Rebalancing & hot shards
Data grows unevenly; one shard becomes a hotspot while others idle.
Open the interactive version → diagrams, practice & moreThe problem
Data grows unevenly; one shard becomes a hotspot while others idle.
The idea
Detect skew and move data to even it out — ideally without downtime.
How it works
Skew is inevitable — data and traffic grow unevenly, so one shard turns hot while others idle. The robust fix is a fixed large partition count (say 1000 partitions over 10 nodes); rebalancing just reassigns whole partitions to nodes, never re-hashing keys. Online resharding for splits runs in stages: dual-write to old and new, backfill historical data in the background, verify parity, then cut reads over and decommission. A single hot key needs its own fix — split it or replicate it, since no partition scheme helps one key.
The tradeoff
Rebalancing is IO-heavy and risky — moving live data competes with serving traffic, so you throttle it and accept temporary imbalance over a migration storm. Fixed-partition schemes make moves cheap but cap maximum nodes at the partition count. Auto-rebalancing is convenient but can cascade (a move adds load, triggering more moves), so many systems gate it behind human approval.
In the wild
Vitess (YouTube/Slack) automates online resharding of MySQL.
Interview deep dive
Flow
- Pre-split into many fixed partitions across fewer nodes.

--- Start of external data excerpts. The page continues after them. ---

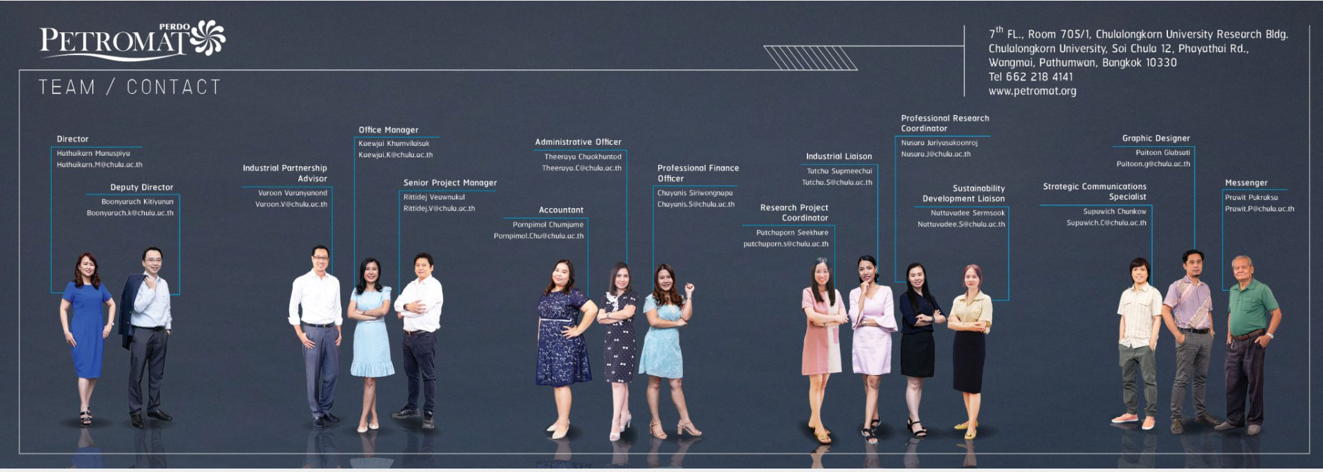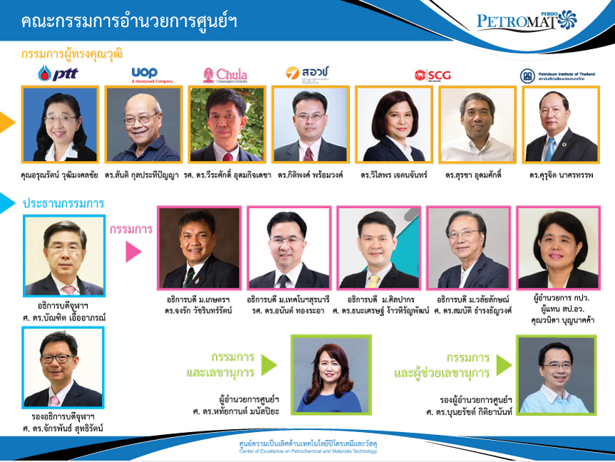 โครงสร้างองค์กรคณะผู้บริหารและเจ้าหน้าที่ ศูนย์ความเป็นเลิศด้านเทคโนโลยีปิโตรเคมีและวัสดุ จุฬาลงกรณ์มหาวิทยาลัย
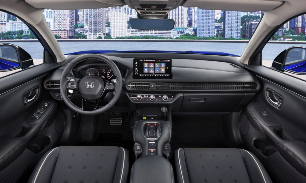 Sendo o verdadeiro SUV do Civic, o Honda ZR-V traz interior com diversas peças compartilhadas com o sedan médio. Por fora, ele tem opção de grade frontal com filetes verticais ou estilo colmeia. Faróis e lanternas do modelo europeu são um pouco diferentes das usadas no modelo americano, assim como o para-choque traseiro.
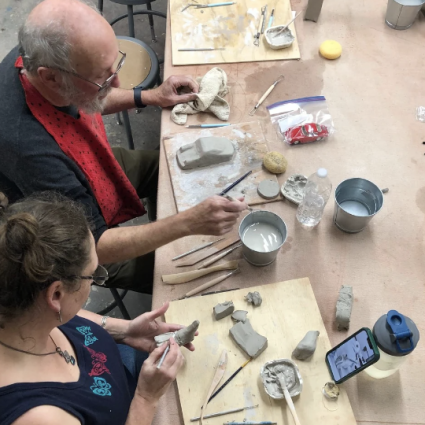 Personalize a hand-thrown mug with stamps, underglaze and carving, or freestyle handbuild your own creation with 2 lbs of clay.
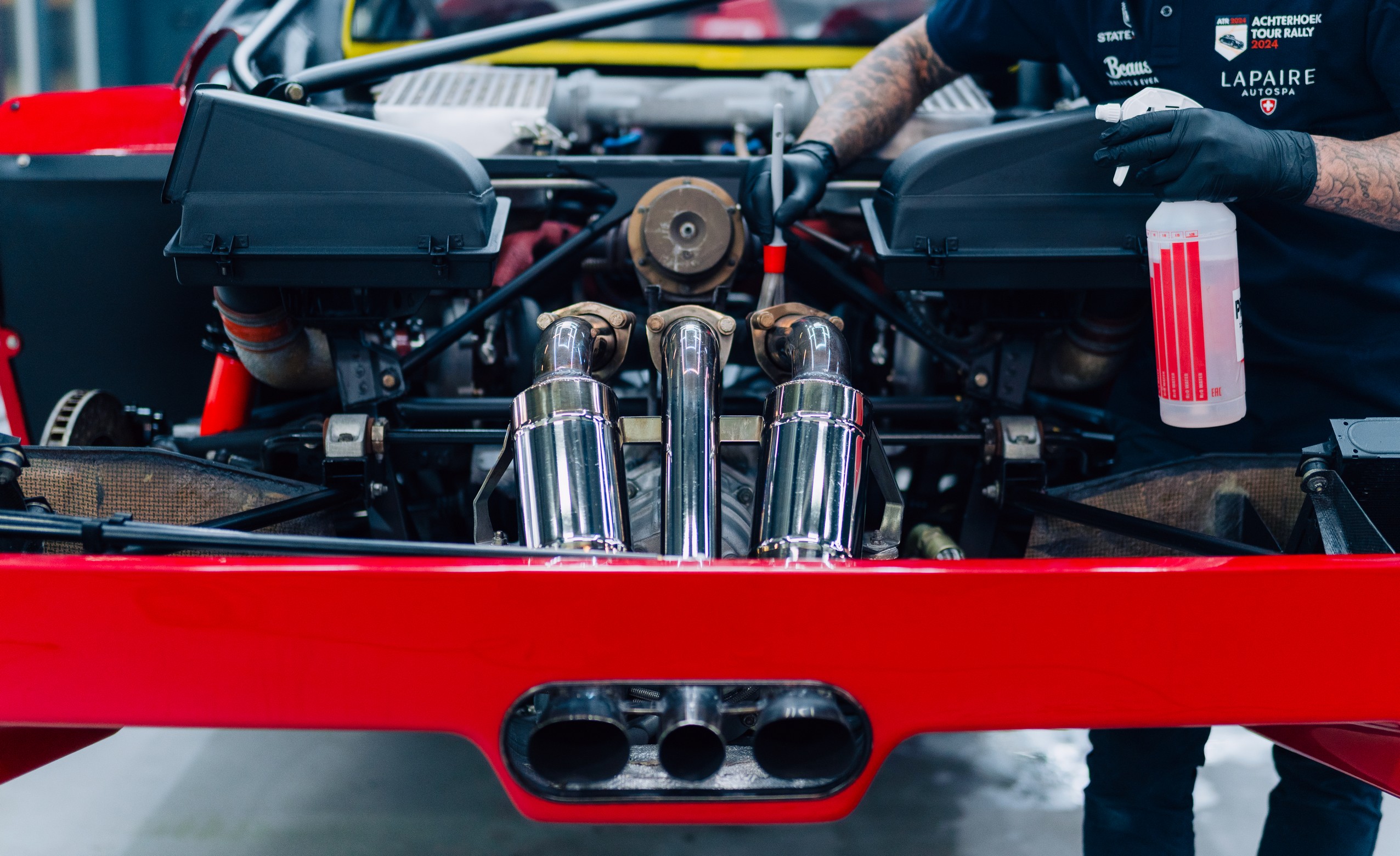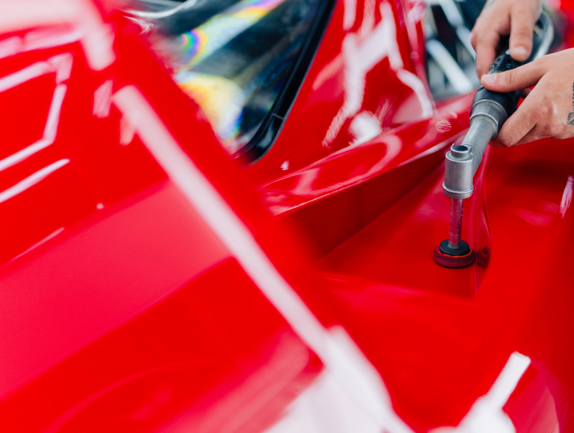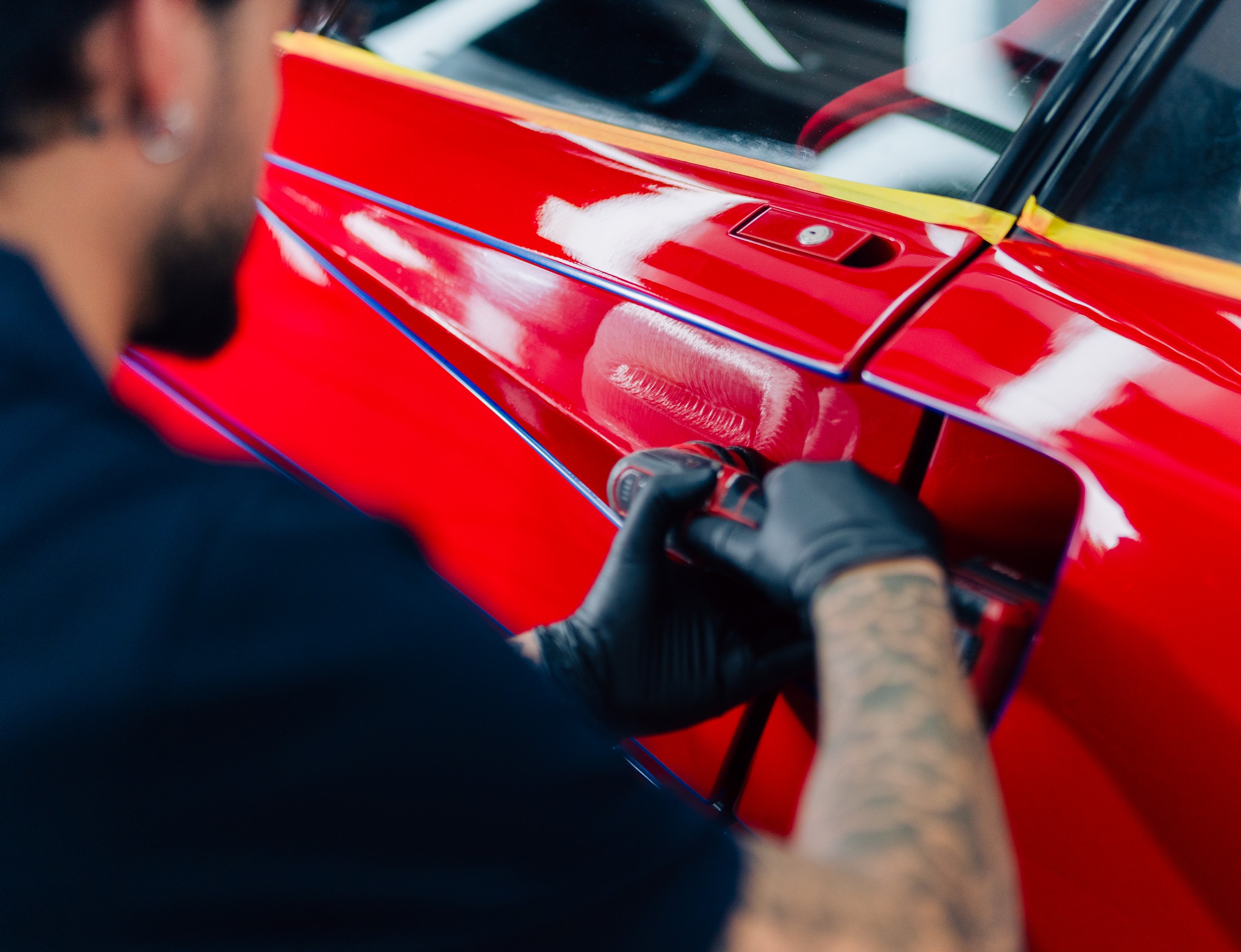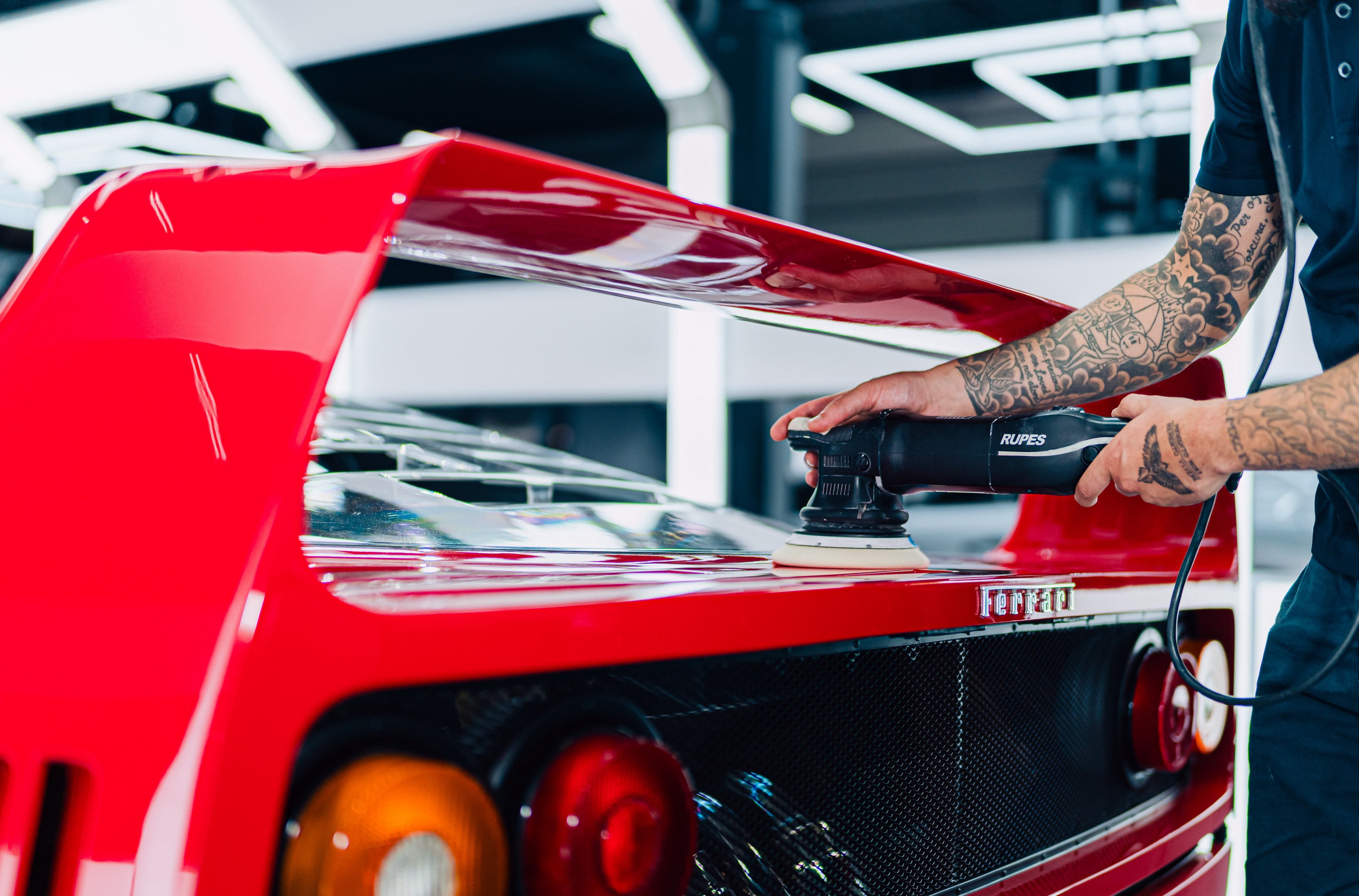 We zijn begonnen met een grondige inspectie van de composietpanelen. De originele Rosso Corsa lak is meerstaps gecorrigeerd met volledige aandacht voor het materiaal en de karakteristieke structuur van een F40. Dit is geen moderne blanke laklaag die je onbeperkt kunt corrigeren. Hier werk je met respect voor de historie van de auto. Swirls en jarenlange wasresten zijn verwijderd, zonder de authenticiteit van de lak aan te tasten.

- Detect skew via per-shard load/size metrics.
- Reassign whole partitions, or split via dual-write → backfill → cutover.
- Handle a single hot key separately: split or replicate it.
Watch for
- Re-hashing all keys on every change is the anti-pattern (move partitions).
- A hot single key defeats any partitioning — split/replicate it.
- Auto-rebalance can storm: a move adds load that triggers more moves.
Interviewer trap
Describe online resharding as dual-write → backfill → verify → cutover, not a flip.